The following step take a while to complete. (> 20 minutes). Consider using a smaller model (e.g. Haiku)

In [None]:
%%time
model_id = 'anthropic.claude-3-sonnet-20240229-v1:0'

for shot in sampled_shots:
    description = get_shot_description(
        model_id = model_id, 
        composite_images = shot['composite_images'], 
        celebrities = shot['public_figure']
    )
    shot['shot_description'] = description

## Generate Embeddings for Shots

In [None]:
def get_embedding(model_id, input_data):
    accept = "application/json"
    content_type = "application/json"

    if 'text' in model_id:
        body = json.dumps({
            "inputText": input_data,
            "dimensions": 1024,
            "normalize": True
        })
    elif 'image' in model_id:
        # Read image from file and encode it as base64 string.
        with open(input_data, "rb") as image_file:
            input_image = base64.b64encode(image_file.read()).decode('utf8')
        
        body = json.dumps({
            "inputImage": input_image,
            "embeddingConfig": {
                "outputEmbeddingLength": 1024
            }
        })
    else:
        raise ValueError("Invalid embedding_type. Choose 'text' or 'image'.")
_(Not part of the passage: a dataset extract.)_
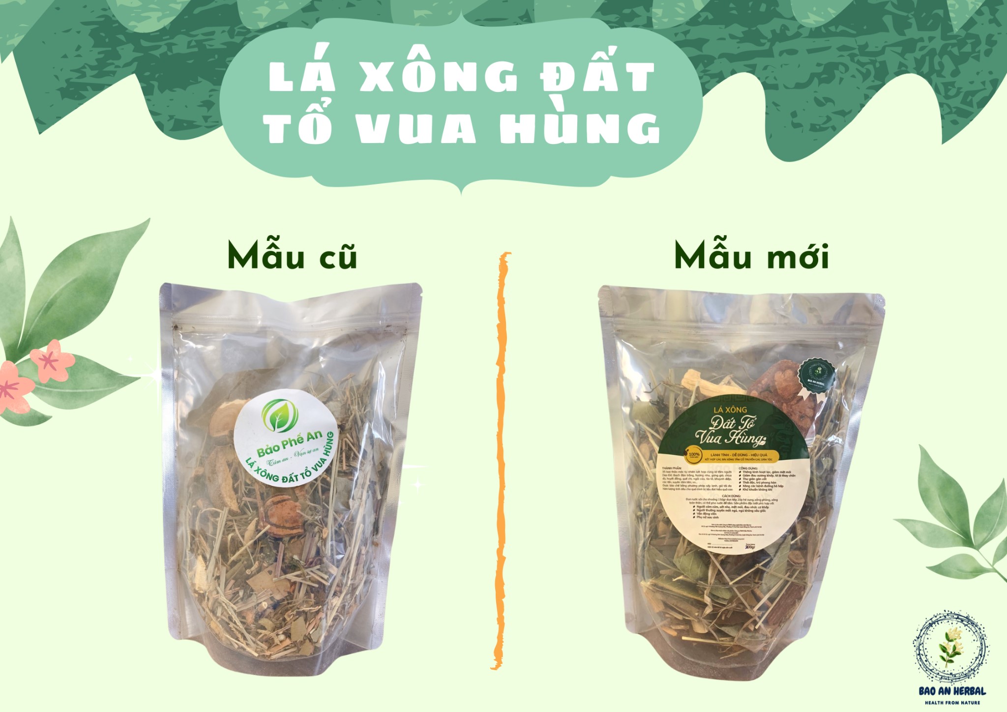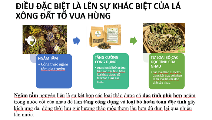 “LÁ XÔNG ĐẤT TỔ VUA HÙNG” là sự kết hợp độc đáo, đặc biệt giữa 35 loại thảo mộc tự nhiên cùng lá tắm người Dao Đỏ: lá tre, cỏ mần trầu, bạch đàn trắng, cỏ xước, kinh giới, sài đất, long nào, hương nhu, lá khế, vòi voi, gừng gió, chùa dù, sả, lá gừng gió, ô rô, duối gai, xấu hổ đỏ, cỏ máu gỗ đỏ, quế chi, trà xanh, lá và vỏ bưởi, ngải cứu, tía tô, khuynh diệp, cúc tần, xuyên tâm liên…vvv. Được bào chế bằng phương pháp sấy lạnh, để giữ tối đa hàm lượng tinh dầu cho hiệu quả trị liệu cao nhất.
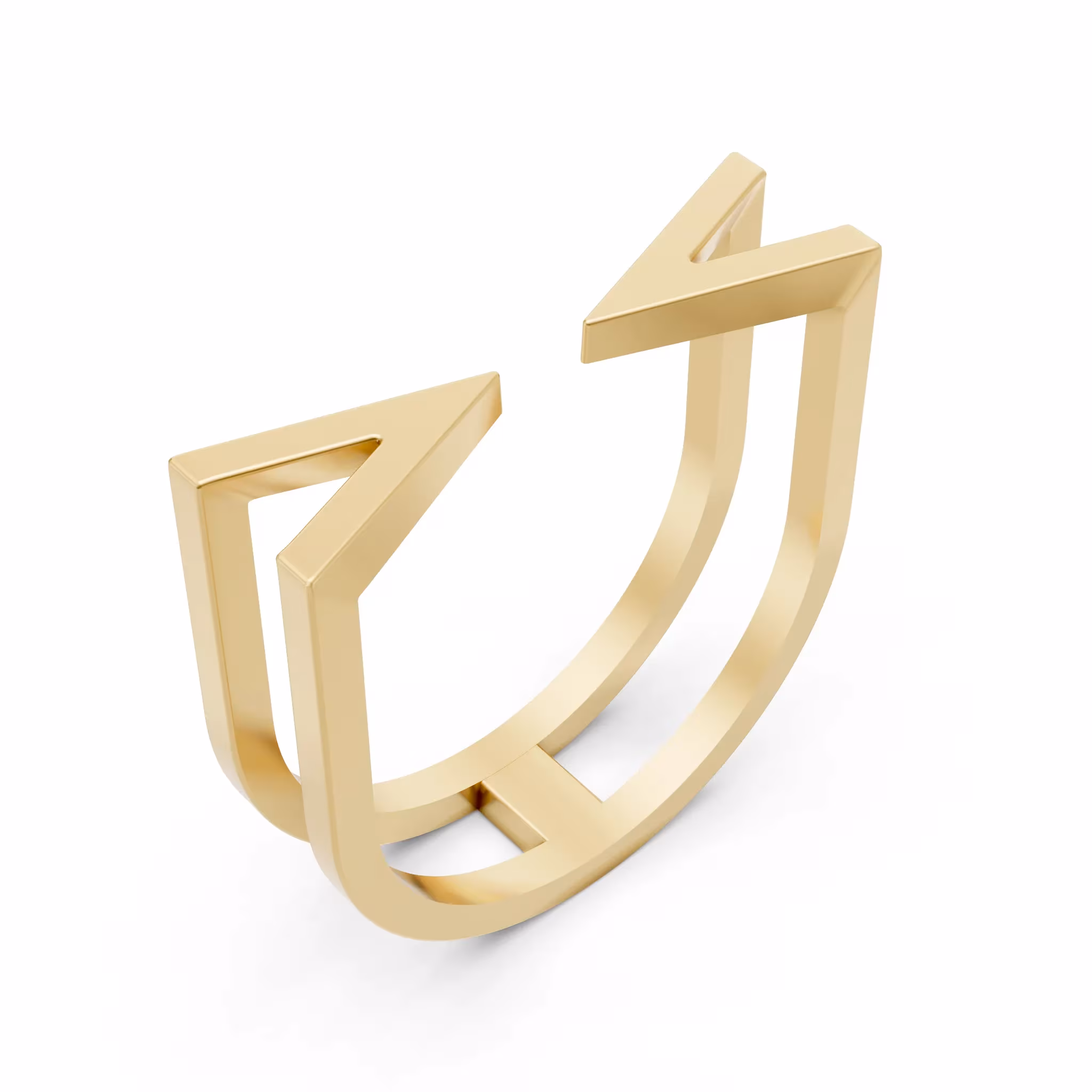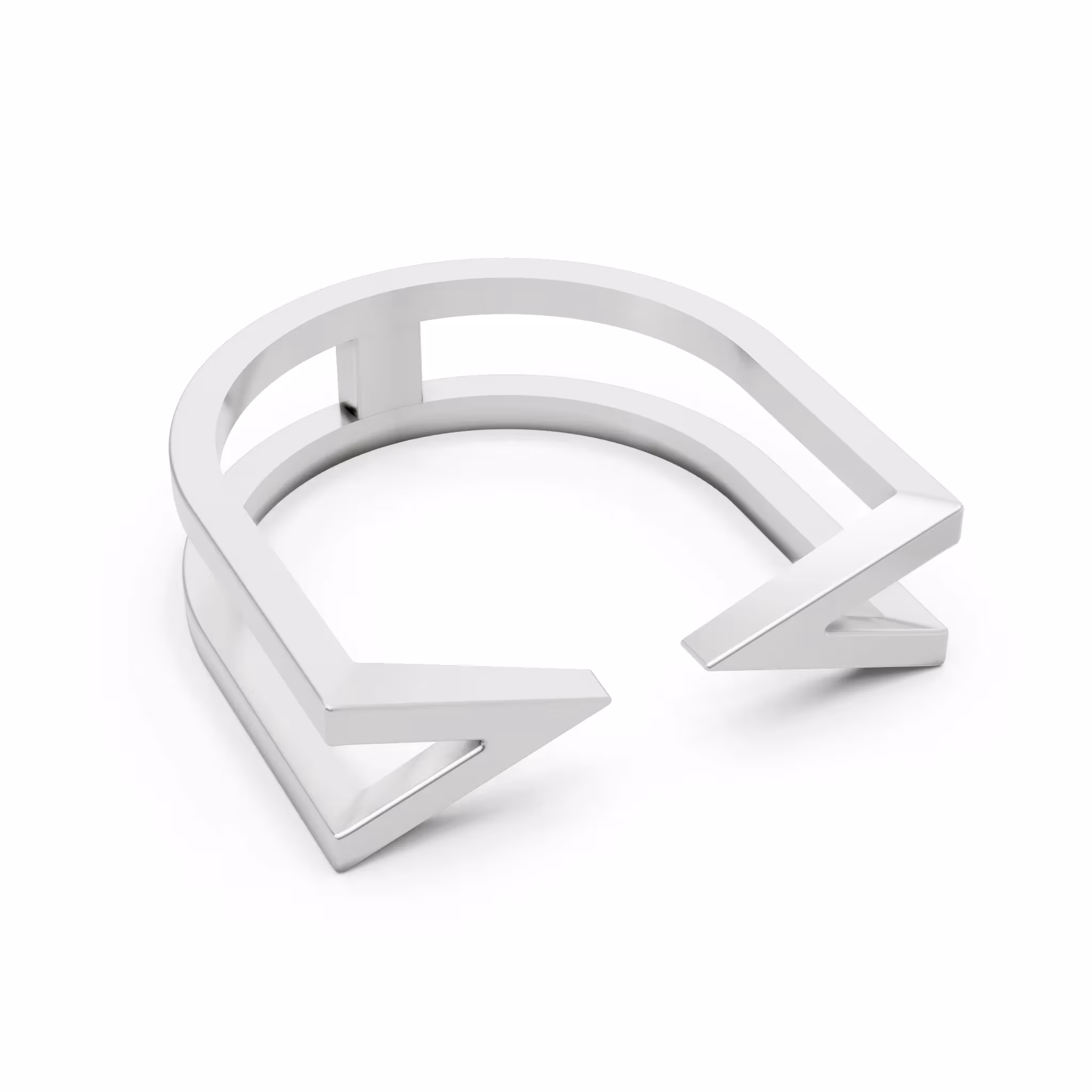 Design: Sleek architectural Double Band Ring with an open geometric front

    response = bedrock_runtime.invoke_model(
        body=body,
        modelId=model_id,
        accept=accept,
        contentType=content_type,
    )
    response_body = json.loads(response["body"].read())
    embedding = response_body.get("embedding")

    return embedding

## Building the OpenSearch Serverless Vector Index

OpenSearch Serverless (OSS) is a fully managed, on-demand search and analytics service provided by Amazon Web Services (AWS). It allows users to deploy, operate, and scale OpenSearch clusters without the need for infrastructure management.

An index in OpenSearch is a collection of documents that share similar characteristics. In this case, we're focusing on a vector index, which is designed to store and search vector embeddings efficiently.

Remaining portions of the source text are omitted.